Splitting word files

Get help with installation and running here.

Moderators: DataMystic Support, Moderators, DataMystic Support, Moderators, DataMystic Support, Moderators

Post Reply
MJ

Splitting word files

Post by MJ »

Hello,

I need to split a word file into lots of small snippets of texts and have succeeded doing that with the 'split file' filter. However, there's a problem with the 'garbage' at the beginning and the end of the word file.

I used a non-alphabetic character (134) to split the word file as needed (resulting in a few hundred text snippet files).
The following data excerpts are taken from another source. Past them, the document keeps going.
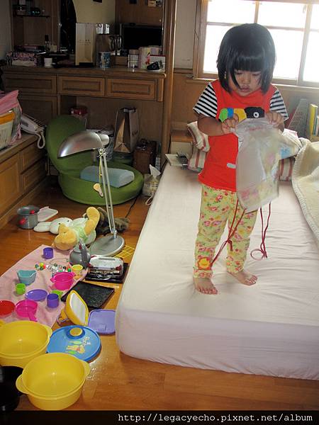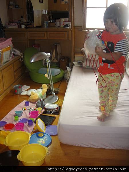 一會兒亮亮離開我的房間,將貼紙貼在她房間的門上。
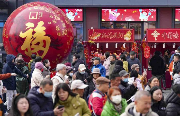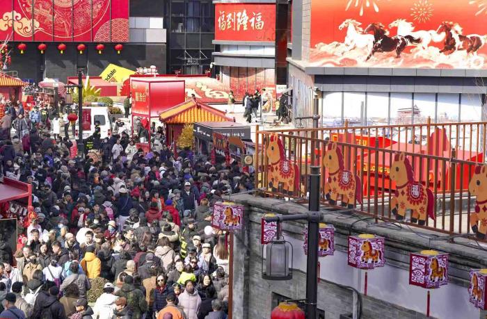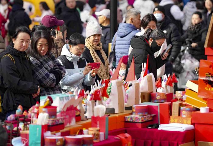 2月20日,在隆福寺商圈以“马不停蹄,隆福潮集”为主题的2026隆福寺新春市集引越来越多的游客前来游览和购物。
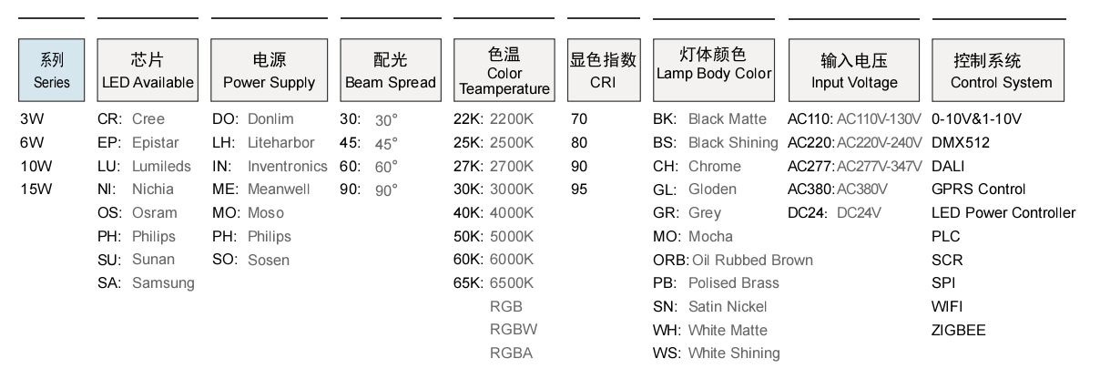 | 可選配光 | 30/40 | 30/40 | 30/40 | 30/40 | 30/40 | 30/40 |
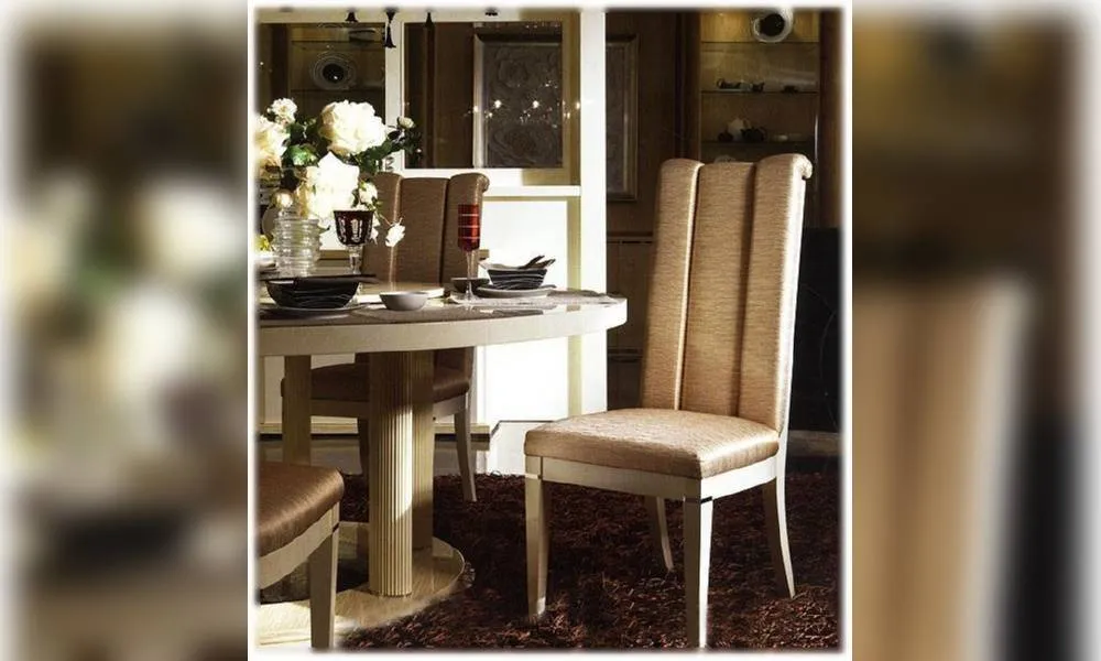 Стул с высокой мягкой спинкой. Декор ручной работы. Возможны другие цветовые варианты отделки и обивки.
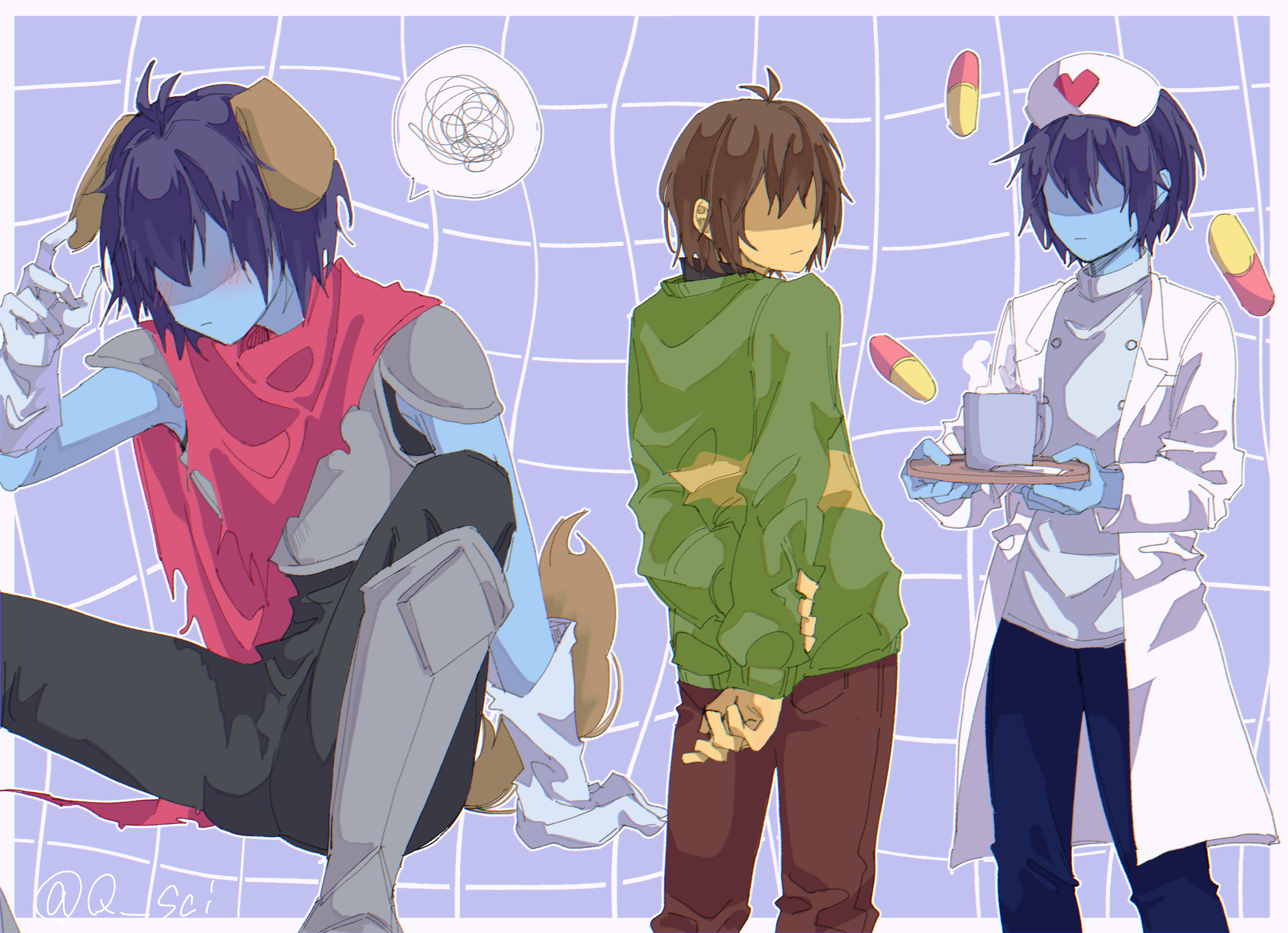 1other absurdres alternate_costume armor black_bodysuit black_hair blue_skin bodysuit cape coat colored_skin covered_eyes deltarune gloves green_sweater heart highres kris_(dark_world)_(deltarune) kris_(deltarune) kris_(takecare)_(deltarune) messy_hair multiple_persona pill red_cape short_hair sitting striped_clothes striped_sweater sweat sweater utdr_(toby_fox) white_coat white_gloves yoshino_(q_sci)
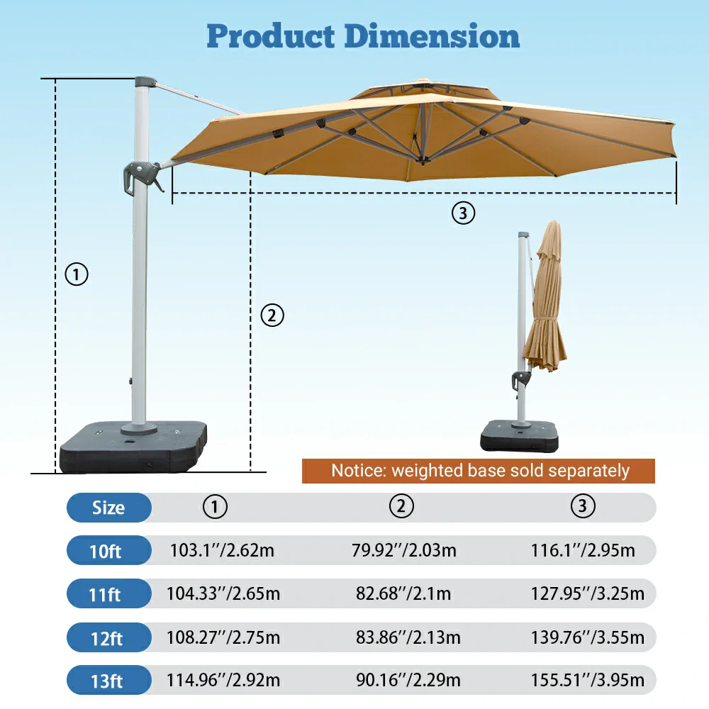 Double-top designed with both style and functionality in mind, our cantilever patio umbrella seamlessly integrates into any outdoor setting. Its sleek design adds a touch of elegance to your patio or deck while providing essential sun protection.
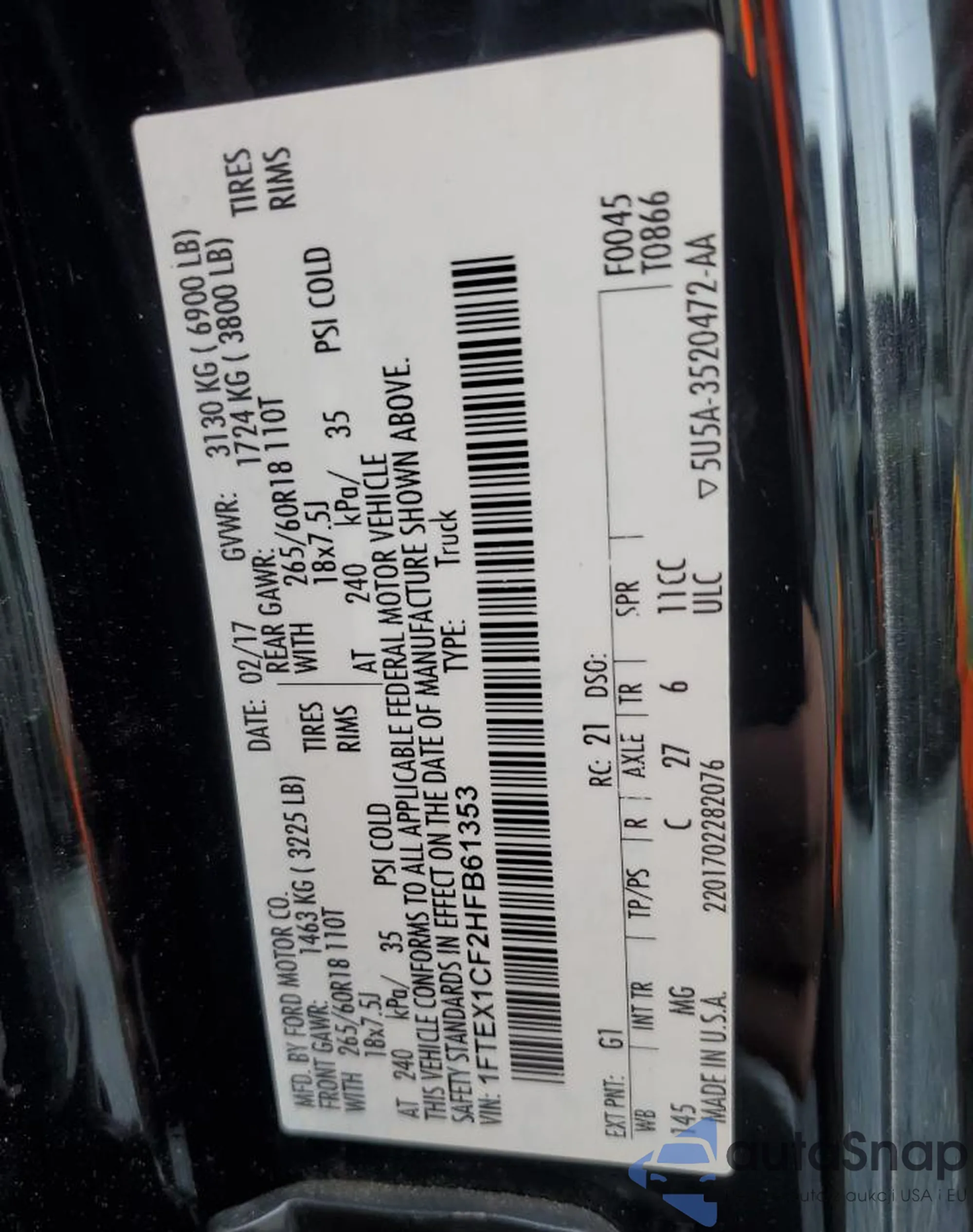 • VIN 1FTEX1CF2HFB61353

So I don't want to convert the word file into another format before applying the rather successful split filter.

However, there are some unwelcome side-effects that I want to get rid of
a) a corrupted first file
b) a 'last' meaningful file filled with some text + some 'garbage'
c) after that dozens of snippet files filled exlcusively with 'garbage'.

What's the best way to clean the two useful files (a and b) of the garbage and get rid of all the variant c) files?

Any help is highly appreciated

MJ
User avatar
DataMystic Support
Site Admin
Posts: 2227
Joined: Mon Jun 30, 2003 12:32 pm
Location: Melbourne, Australia
Contact:

Post by DataMystic Support »

Hi MJ,

Word uses a binary format, which will have lots of garbage in it. Why not precede your split file with a Convert\Convert Word document to text filter?
Guest

Post by Guest »

Hello Simon,

yes, thanks for the hint. Eventually I have gone that route.

In my first attempt to split the files I wanted to avoid that by making use of a binary code that is gone after a transfer to the text format. However, I found alternative catchwords to get the splits where I want them.

Thanks again
MJ
Post Reply